Lil B: I’m Gay (I’m Happy) Review
90/100
What makes Lil B interesting? The bulk of the story so far hasn’t had much to do with his music, or at least not the quality of it. He’s a member of Berkeley crew The Pack who scored a hit with “Vans” in 2006. You can go back and listen to his verse on the track (he takes the first one), and you won’t hear anything that sounds like the beginnings of a strange figure in hip hop. But that was before days worth of freestyles that range from unique-and-brilliant to unique-and-awful, endless social media promotion, a great nickname (“Based God”), developing a flow on the mic that he could probably get a patent on, and announcing that his album would be titled “I’m Gay.” Now Lil B is something that hip hop really hasn’t seen before. A true eccentric who’s getting a massive amount of attention. If his output up to this point wasn’t so difficult to listen to and keep track of, he’d really be getting somewhere. And that’s what makes I’m Gay so intriguing. It’s everything he hasn’t been until now. It’s a short and to-the-point hip hop album that’s really quite accessible, with verses that sound like he had an idea of what he was going to say before opening his mouth. It’s almost shocking how normal it is. But it really, really works.

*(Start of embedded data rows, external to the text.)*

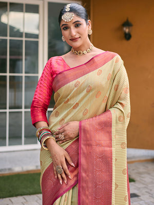 • Beige Kanjivaram Silk Saree With Blouse Piece
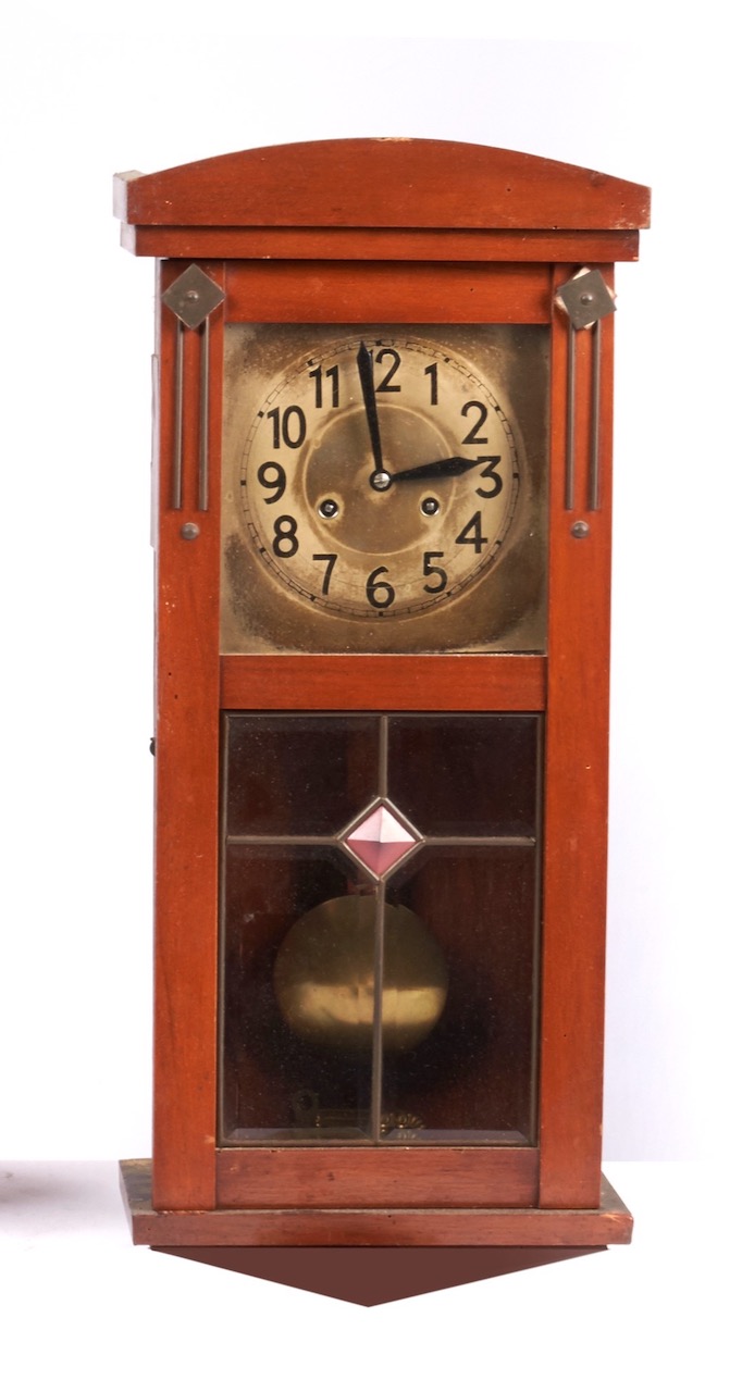 Orologio da parete, cassa in legno e mostra in metallo. Italia, sec. XX
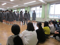 6年生を対象に、大森第十中学校の3年による「十字祭」のリハーサルの様子を参観させていただきました。
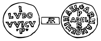 | In the field, in four lines I / LVDO / VVICV / P (Ludovicus Imperator) | + ARHANGELMIHAEL ADELHIS. In the center in three lines P / ADEL / R (Adelchis Princeps) |
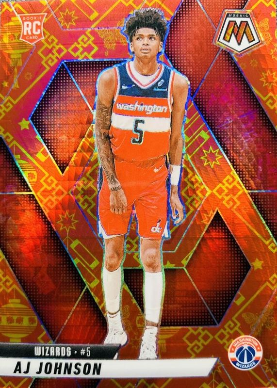 This card is 1 of 66 AJ Johnson's card variations in the 2024 Mosaic set being tracked by Sports Card Investor, including Base, Choice Red & Green, Fast Break, Green, and Green Ice.
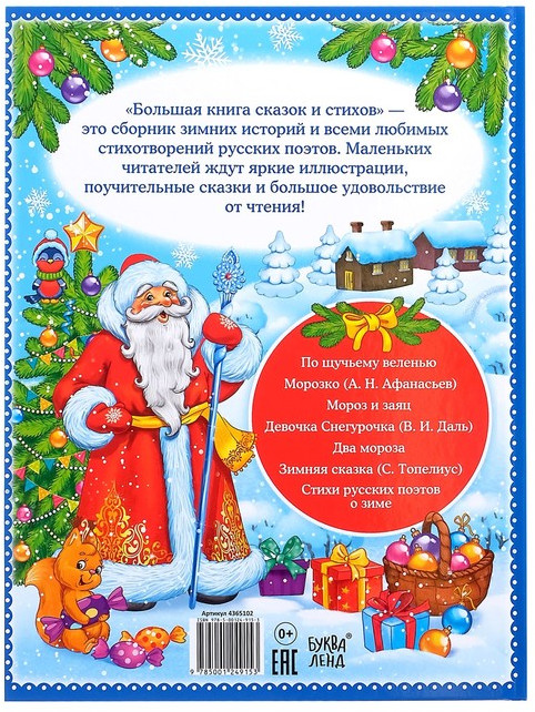 В данный момент этот товар отсутствует в продаже. Возможно, у нас найдется аналогичный или похожий товар здесь. Серия: Новогодние книги Буква-Ленд «Большая книга сказок и стихов» подарит малышу новогоднее настроение. В сборник входят стихи о зиме А. Пушкина, Ф. Тютчева, С. Есенина и А. Фета, сказки В. Даля и А. Афанасьева.

I find it very easy to wonder where “Game” would rank on Supreme Clientele had Ghostface gotten ahold of the beat in 1999. Probably quite high. This is just not a thought anyone would have associated with the Lil B listening experience just a month ago. Actually there are several moments on I’m Gay that sound much more like late 90’s/ early 00’s East Coast rap than anything Bay Area related. Even some of the verses sound like G Unit’s Lloyd Banks could have ghostwritten them. “Unchain Me” sounds like the track Pusha-T needs to jumpstart his post-Clipse career. But what makes it so memorable is that it does so with a brilliant sample of Gerard McMann’s “Cry Little Sister,” the theme from 1987’s finest film, “The Lost Boys” (which was robbed of Best Picture by “Rain Man”). But that isn’t to say that Lil B’s flow leaves me wishing for some other rapper. He proves here that he’s completely capable of writing a verse that demands attention beyond just making his audience wonder what he’s doing. He’s a genuine rap talent, not just an internet gimmick. If you’ve ever heard Rain In England (my best effort at a description – “Rebecca Black as a rapping male reimagines Lou Reed’s Metal Machine Music as a new age hip hop album”), you might not have seen that coming. But instead of trying to capitalize on expectations that he’d do something far-out and peculiar on I’m Gay, he followed the blueprint of Illmatic. That’s something to thank Based God for.